# Work instruction:
Required from the data below: the exact lines starting at the line containing "This elegant women's" and ending at the line containing "Unisex Winter Knitted", with both ends kept and all pictures dropped.

# Supplied information:
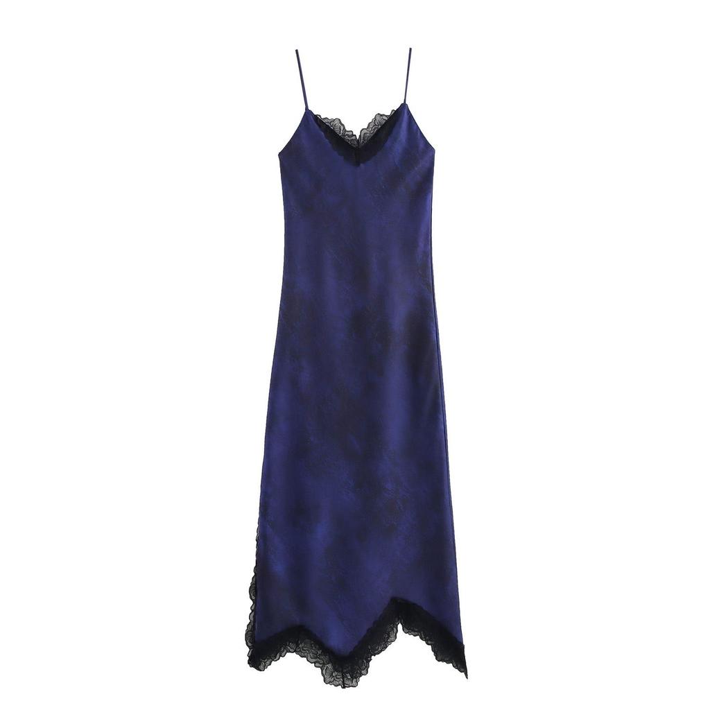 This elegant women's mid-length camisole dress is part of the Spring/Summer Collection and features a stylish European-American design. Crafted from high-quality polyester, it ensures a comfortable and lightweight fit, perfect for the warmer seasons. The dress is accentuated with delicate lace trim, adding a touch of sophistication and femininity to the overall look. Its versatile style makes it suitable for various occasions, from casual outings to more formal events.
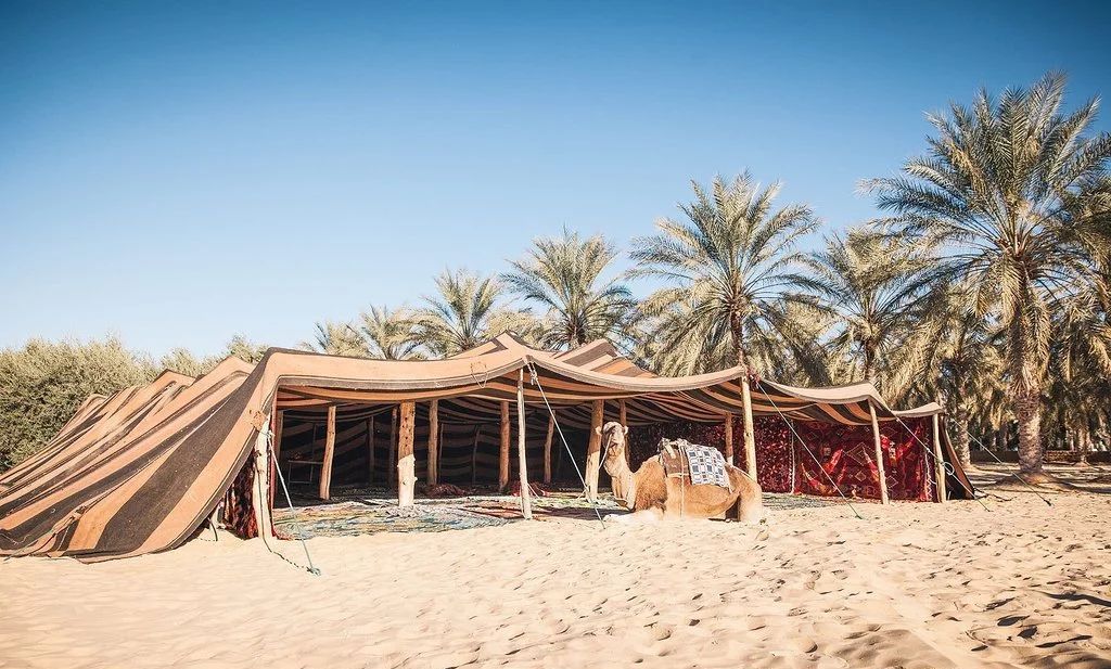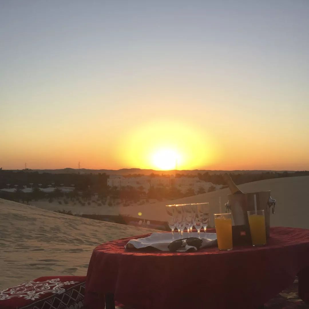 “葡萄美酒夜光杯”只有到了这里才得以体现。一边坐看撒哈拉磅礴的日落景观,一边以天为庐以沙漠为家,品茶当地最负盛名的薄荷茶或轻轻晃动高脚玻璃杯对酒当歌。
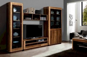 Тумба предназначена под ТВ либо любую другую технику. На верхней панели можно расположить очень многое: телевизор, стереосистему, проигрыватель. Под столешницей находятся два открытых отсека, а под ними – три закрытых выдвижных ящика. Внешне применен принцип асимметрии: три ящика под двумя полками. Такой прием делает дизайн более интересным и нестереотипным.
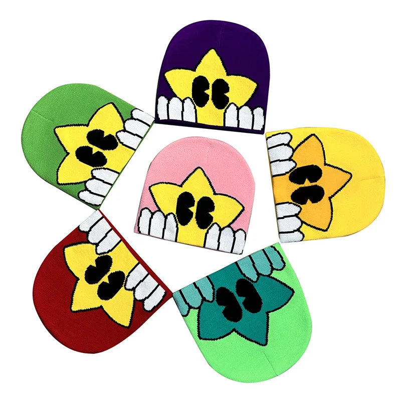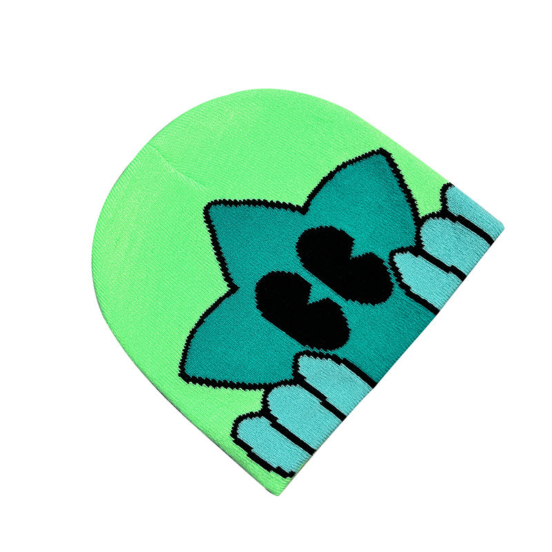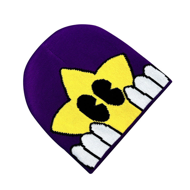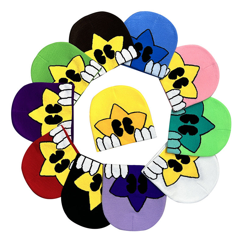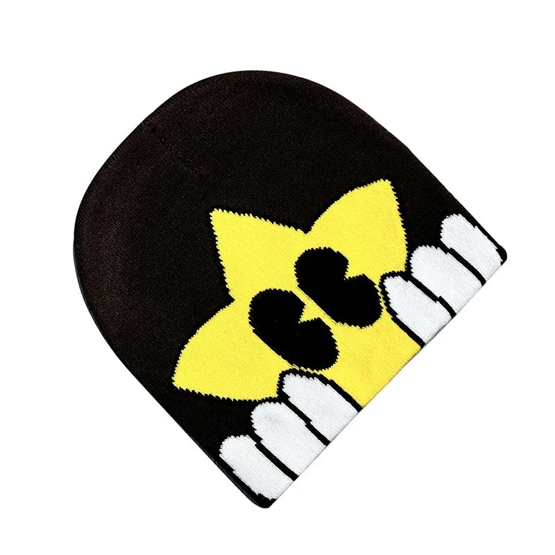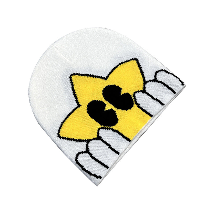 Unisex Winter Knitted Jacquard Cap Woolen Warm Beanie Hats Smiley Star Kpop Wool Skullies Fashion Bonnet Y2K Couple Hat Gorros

==

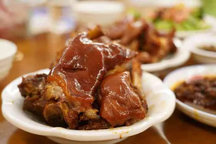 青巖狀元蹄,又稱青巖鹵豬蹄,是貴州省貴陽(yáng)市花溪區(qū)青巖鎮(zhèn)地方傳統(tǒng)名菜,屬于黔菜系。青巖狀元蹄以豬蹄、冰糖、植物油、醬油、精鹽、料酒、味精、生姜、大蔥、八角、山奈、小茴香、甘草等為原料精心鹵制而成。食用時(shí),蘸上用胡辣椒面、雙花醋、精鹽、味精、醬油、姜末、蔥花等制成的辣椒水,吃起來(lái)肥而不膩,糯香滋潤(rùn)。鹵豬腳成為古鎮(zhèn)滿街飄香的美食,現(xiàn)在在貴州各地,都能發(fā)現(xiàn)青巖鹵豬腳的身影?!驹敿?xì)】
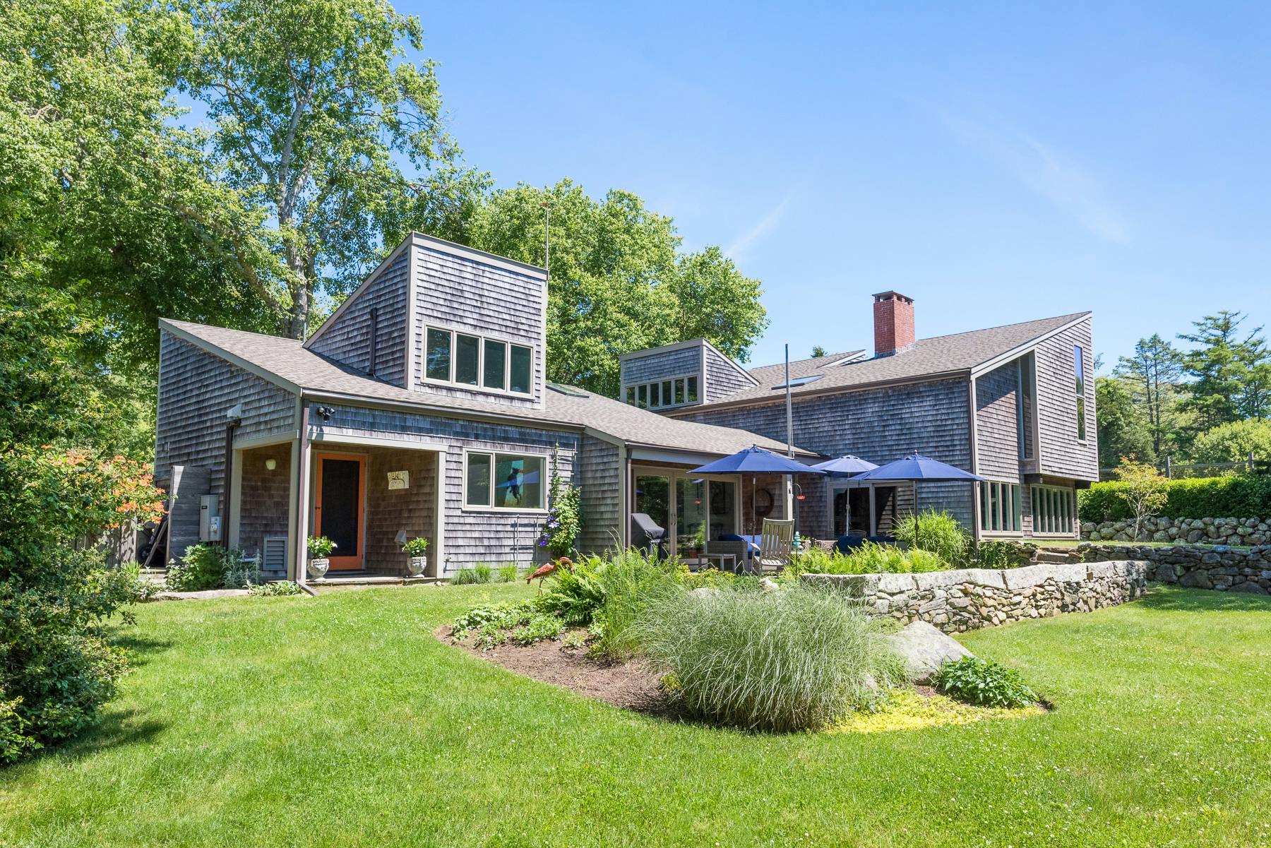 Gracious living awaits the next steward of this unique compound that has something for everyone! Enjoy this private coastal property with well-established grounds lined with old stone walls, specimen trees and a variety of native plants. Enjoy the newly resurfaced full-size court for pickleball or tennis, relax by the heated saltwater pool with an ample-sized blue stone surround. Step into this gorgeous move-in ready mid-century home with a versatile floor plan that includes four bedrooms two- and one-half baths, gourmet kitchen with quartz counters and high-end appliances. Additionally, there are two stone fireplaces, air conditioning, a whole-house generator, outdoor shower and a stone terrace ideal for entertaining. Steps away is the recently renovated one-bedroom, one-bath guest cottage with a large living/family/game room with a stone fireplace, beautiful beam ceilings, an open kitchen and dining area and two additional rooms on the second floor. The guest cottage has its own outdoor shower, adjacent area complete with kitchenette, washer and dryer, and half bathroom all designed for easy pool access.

# Exercise result:
 This elegant women's mid-length camisole dress is part of the Spring/Summer Collection and features a stylish European-American design. Crafted from high-quality polyester, it ensures a comfortable and lightweight fit, perfect for the warmer seasons. The dress is accentuated with delicate lace trim, adding a touch of sophistication and femininity to the overall look. Its versatile style makes it suitable for various occasions, from casual outings to more formal events.
 “葡萄美酒夜光杯”只有到了这里才得以体现。一边坐看撒哈拉磅礴的日落景观,一边以天为庐以沙漠为家,品茶当地最负盛名的薄荷茶或轻轻晃动高脚玻璃杯对酒当歌。
 Тумба предназначена под ТВ либо любую другую технику. На верхней панели можно расположить очень многое: телевизор, стереосистему, проигрыватель. Под столешницей находятся два открытых отсека, а под ними – три закрытых выдвижных ящика. Внешне применен принцип асимметрии: три ящика под двумя полками. Такой прием делает дизайн более интересным и нестереотипным.
 Unisex Winter Knitted Jacquard Cap Woolen Warm Beanie Hats Smiley Star Kpop Wool Skullies Fashion Bonnet Y2K Couple Hat Gorros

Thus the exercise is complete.